HousingWireHousingWire

Consumers are optimistic that mortgage rates and home prices will decline, but most are still pessimistic about buying homes.

Fannie Mae’s home purchase sentiment index (HPSI) — which tracks the housing market and consumer confidence to sell or buy a home — rose 0.6 points to 72 in August. The full index is up 5.2 points year over year.

In August, a survey-high 39% of consumers said they expect mortgage rates to decline in the next 12 months, up from 29% in July. And about 25% of consumers indicated they expect home prices to decrease over the next 12 months, up from 21% in July. 
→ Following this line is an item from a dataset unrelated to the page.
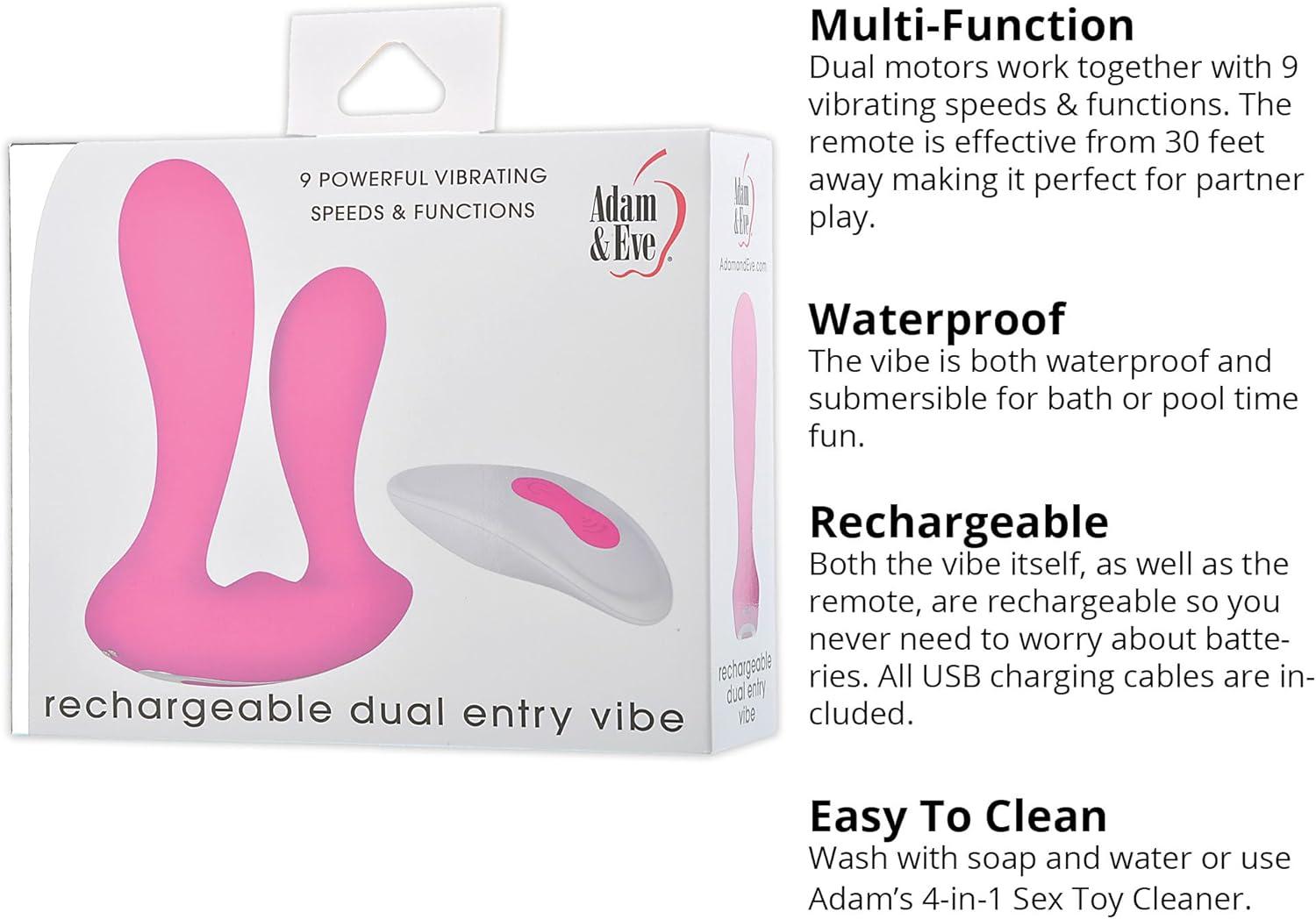 • Adam & Eve Dual Entry Vibrator with Remote Control, Rechargeable Double Penetration Vibrator with 9 Speeds and Functions, Flexible Silicone Design, Waterproof, USB Magnetic Charging, Couples Play

Despite the improved affordability outlook, consumer perception of homebuying conditions remained unchanged. A total of 17% of survey respondents said it’s a good time to buy. 

“On a national level, housing sentiment was largely unchanged in August despite some positive developments for affordability, including a meaningful decline in actual mortgage rates and an uptick in home listings in certain markets, particularly in the Sunbelt,” Mark Palim, Fannie Mae’s vice president and deputy chief economist, said in a statement.

Palim noted that 56% of survey respondents from the South indicated that it’s a “good time to sell,“ a decrease of 5 percentage points from July. This represented a strong divergence from the sense of home selling conditions in the Northeast (80%), Midwest (70%) and West (66%), where readings moved higher in August. 

“This likely reflects in part the wide geographic variation in new home construction activity,” Palim said. “In the regions that had a stronger construction response following the pandemic, our latest survey data suggest that sellers may be losing some of their negotiating power due to the increased supply.“

On a national level, both single-family and multifamily housing starts were down in July from a year ago. 

Single-family starts were down 14.1% from June and down 14.8% year over year to a seasonally adjusted annual rate of 851,000 units, according to data from the U.S. Census Bureau and the U.S. Department of Housing and Urban Development (HUD). Multifamily starts came in at a rate of 363,000, up 11.7% from June, but down 21.8% year over year.